### EXERCISE
All lines from the one containing "12月4日深夜,药明生物发布" to the end of the listing below should be output exactly; omit the pictures.

**** COLLECTED MATERIAL

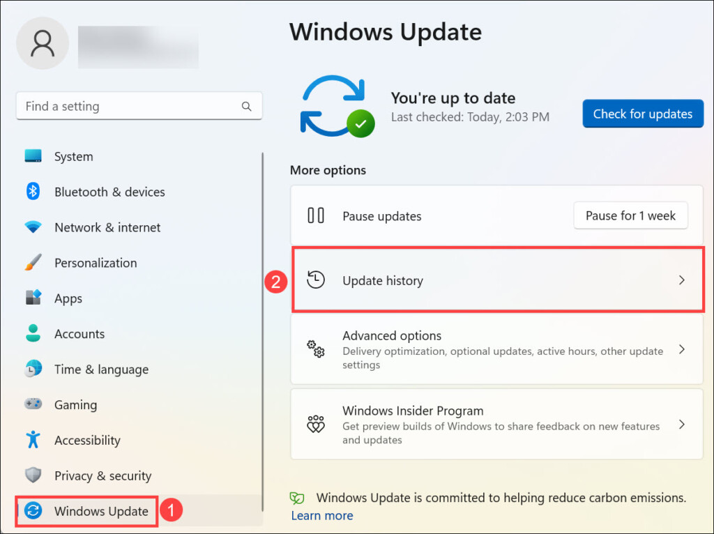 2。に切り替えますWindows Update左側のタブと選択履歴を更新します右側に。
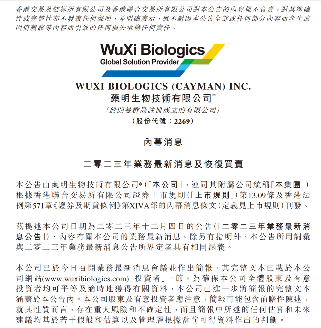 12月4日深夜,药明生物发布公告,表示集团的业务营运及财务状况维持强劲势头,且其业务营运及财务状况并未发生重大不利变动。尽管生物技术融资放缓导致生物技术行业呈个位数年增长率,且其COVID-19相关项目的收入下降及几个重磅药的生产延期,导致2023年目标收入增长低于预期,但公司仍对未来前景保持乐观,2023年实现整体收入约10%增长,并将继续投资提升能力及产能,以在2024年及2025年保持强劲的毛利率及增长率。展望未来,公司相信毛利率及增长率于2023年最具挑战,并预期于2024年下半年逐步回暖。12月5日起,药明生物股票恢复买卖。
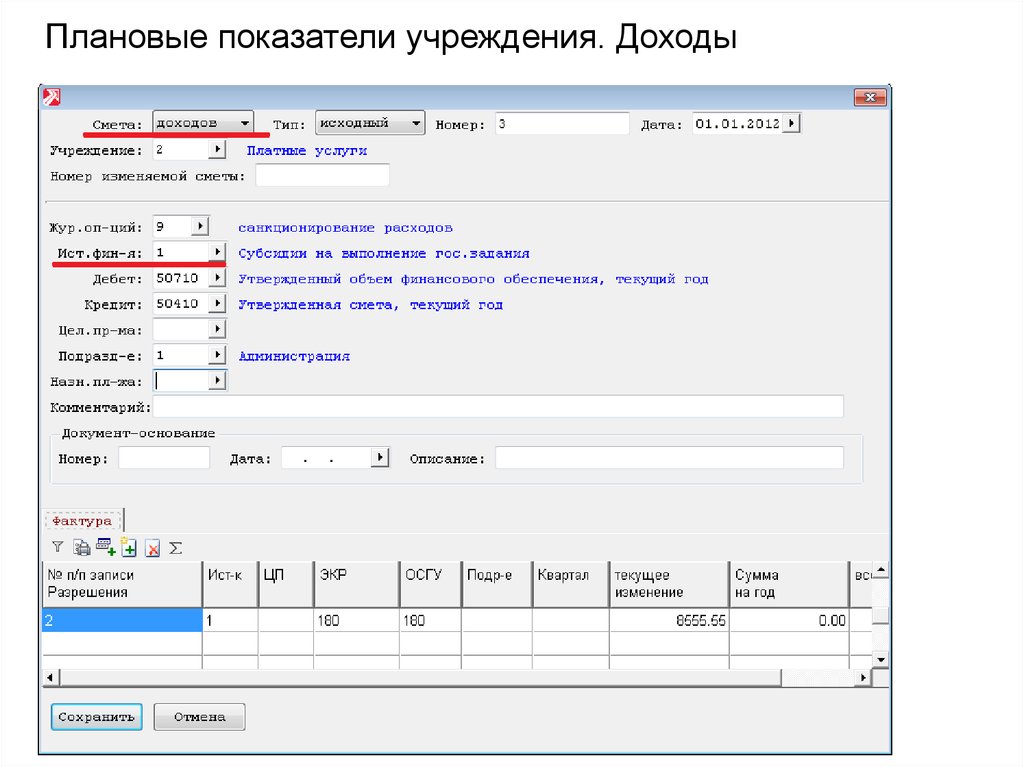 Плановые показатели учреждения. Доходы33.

********

### YOUR RESPONSE
 12月4日深夜,药明生物发布公告,表示集团的业务营运及财务状况维持强劲势头,且其业务营运及财务状况并未发生重大不利变动。尽管生物技术融资放缓导致生物技术行业呈个位数年增长率,且其COVID-19相关项目的收入下降及几个重磅药的生产延期,导致2023年目标收入增长低于预期,但公司仍对未来前景保持乐观,2023年实现整体收入约10%增长,并将继续投资提升能力及产能,以在2024年及2025年保持强劲的毛利率及增长率。展望未来,公司相信毛利率及增长率于2023年最具挑战,并预期于2024年下半年逐步回暖。12月5日起,药明生物股票恢复买卖。
 Плановые показатели учреждения. Доходы33.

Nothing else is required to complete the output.